Former DeepMind Scientist Argues AlphaGo Solved NP-Hard Problem in Disturbing Way
"A 10-layer neural network can only do 10 sequential steps of thinking, right? 10 steps of neural network, parallelized, distributed representation thinking is able to amortize and approximate to a very, very high fidelity a nearly intractable search problem. It actually makes me wonder if our understanding of problems like P NP or these very fundamental computational hardness problems are incomplete."
About this episode
In this technical deep dive, host Dwarkesh Patel interviews Eric Zhang, former VP of AI at 1X Technologies and ex-senior research scientist at Google DeepMind Robotics, who spent his recent sabbatical rebuilding AlphaGo from scratch. Zhang achieved AlphaGo-level performance for approximately $7,000 in compute costs—a dramatic reduction from DeepMind's original multi-million-dollar effort—using modern GPUs, LLM-assisted coding, and simplified architectures. The conversation provides an accessible explanation of how AlphaGo works, breaking down Monte Carlo Tree Search, policy and value networks, and the self-play training loop that enables the system to iteratively improve by distilling search into neural network forward passes. Zhang argues that AlphaGo represents a profound computational accomplishment: a 10-layer neural network somehow compresses what should be an intractable search problem, challenging traditional notions of computational complexity and suggesting NP-hard problems may be more tractable than theory predicts. He contrasts AlphaGo's elegant training approach—which provides improved action labels at every step via MCTS—with the far less efficient policy gradient methods used in LLM reinforcement learning, where models must randomly stumble upon correct answers before receiving any learning signal. Zhang also discusses his experience using Claude for automated research, finding it excellent for hyperparameter optimization and executing specific experiments but incapable of the lateral thinking required to abandon unproductive research directions.
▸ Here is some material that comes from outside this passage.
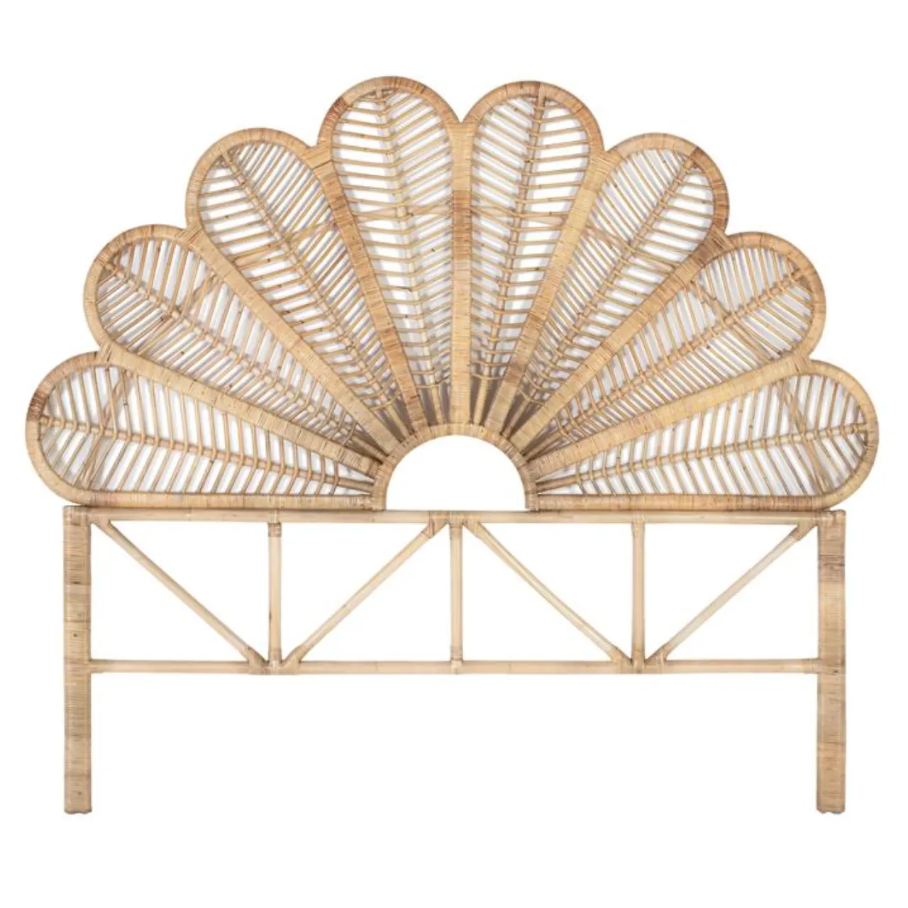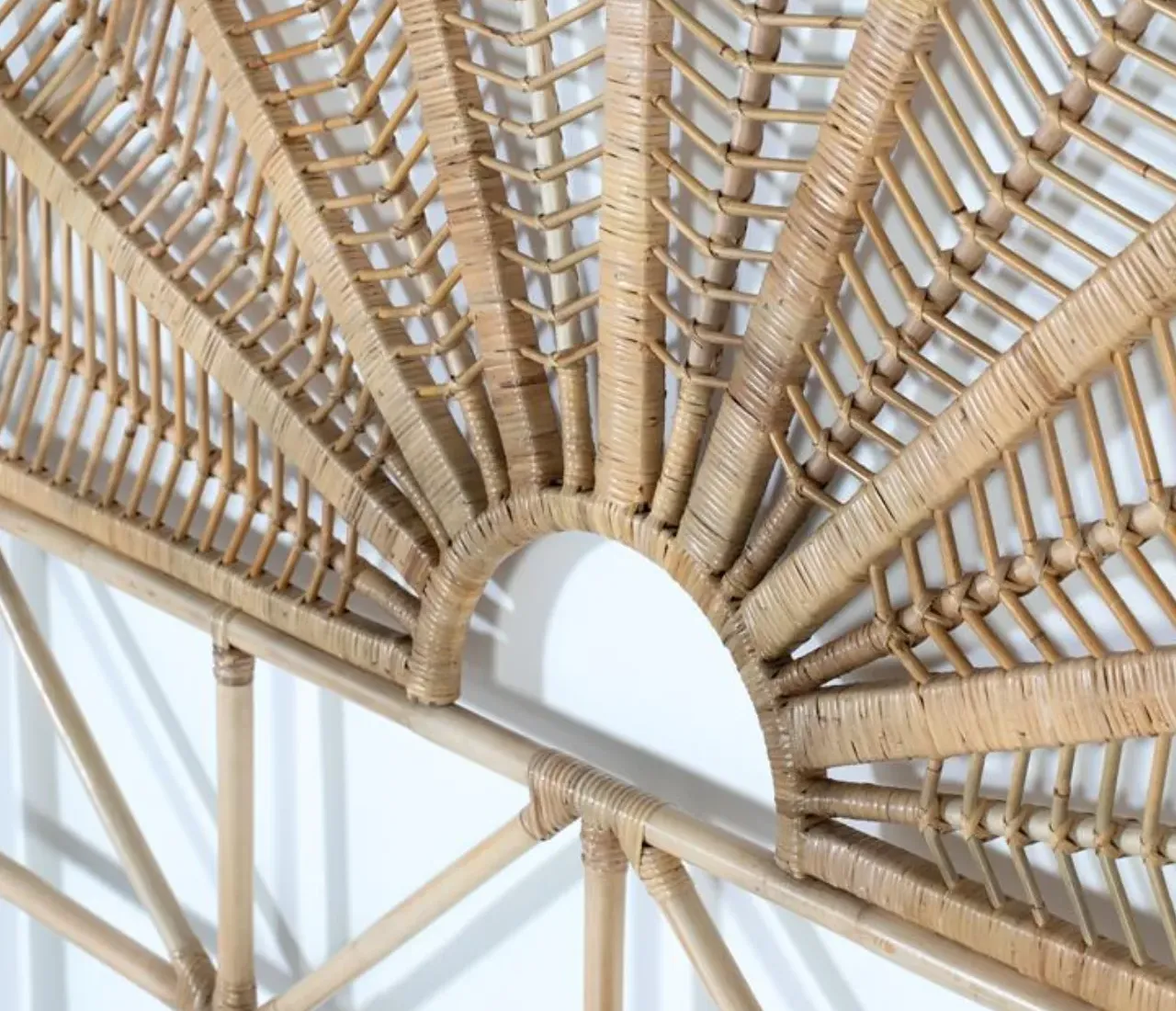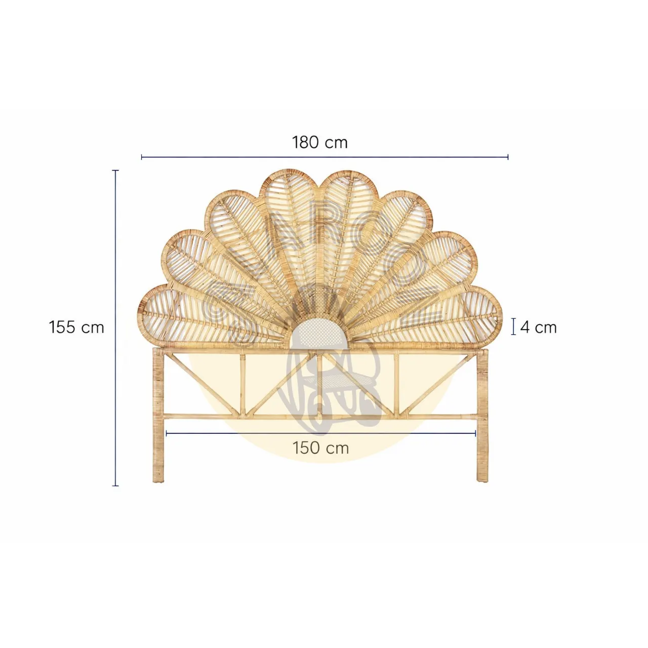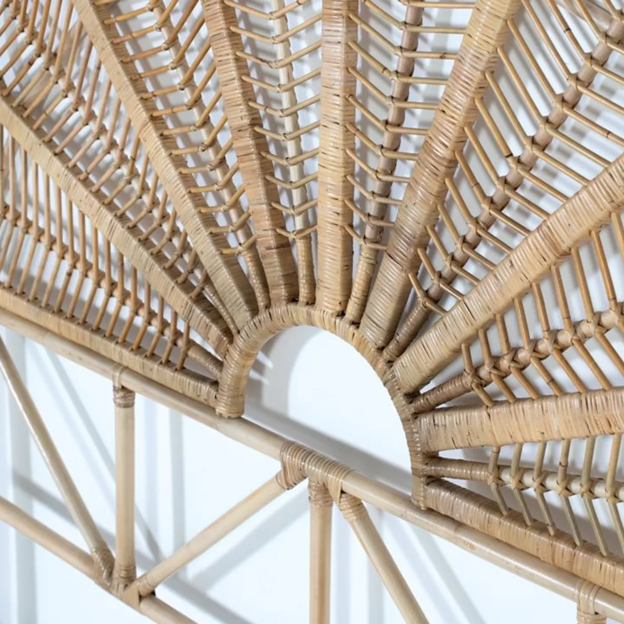 Fabricado en ratán natural, este cabecero de 180 cm aporta diseño y carácter a la cama doble, encajando con interiores de estilo boho y ambientes de decoración natural. Su acabado artesanal y hecho a mano refuerza una estética cálida y atemporal.

The episode concludes with broader reflections on AI research methodology, the validity of the 'bitter lesson' that compute matters more than algorithmic tricks, and what Go as a research environment might teach us about automating scientific discovery itself.
Key takeaways
- Zhang replicated AlphaGo-level Go bot performance for approximately $7,000 in compute costs using modern GPUs and LLM-assisted coding, down from DeepMind's estimated millions in the original 2016-2017 effort.
- Zhang argues AlphaGo demonstrated that 10-layer neural networks can compress intractable search problems, challenging traditional computational complexity theory and suggesting NP-hard problems may yield to small amounts of compute when they exhibit macroscopic structure.
- Monte Carlo Tree Search in AlphaGo provides improved action labels at every game state through forward search, enabling stable supervised learning, whereas LLM policy gradient methods suffer from sparse reward signals requiring random exploration to stumble upon correct answers.
- Modern architectural choices like Transformers versus ResNets matter less for Go AI than previously thought, validating aspects of the bitter lesson, though proper initialization against strong existing models remains critical for sample efficiency.
- Claude 4.6 and 4.7 excel at hyperparameter optimization and executing specific experiments but cannot perform lateral thinking to abandon unproductive research tracks or identify fundamental bugs versus bad ideas, representing a key bottleneck in automated AI research.
- Many algorithmic tricks developed for Go AI like Katago's auxiliary supervision objectives are now obsolete with modern hardware, suggesting compute multipliers from clever algorithms may be transitory and non-stacking as hardware improves.
- AlphaGo's training fundamentally differs from model-free RL by relabeling every action with MCTS-improved targets rather than solving credit assignment across full trajectories, maintaining low-variance learning signals throughout training.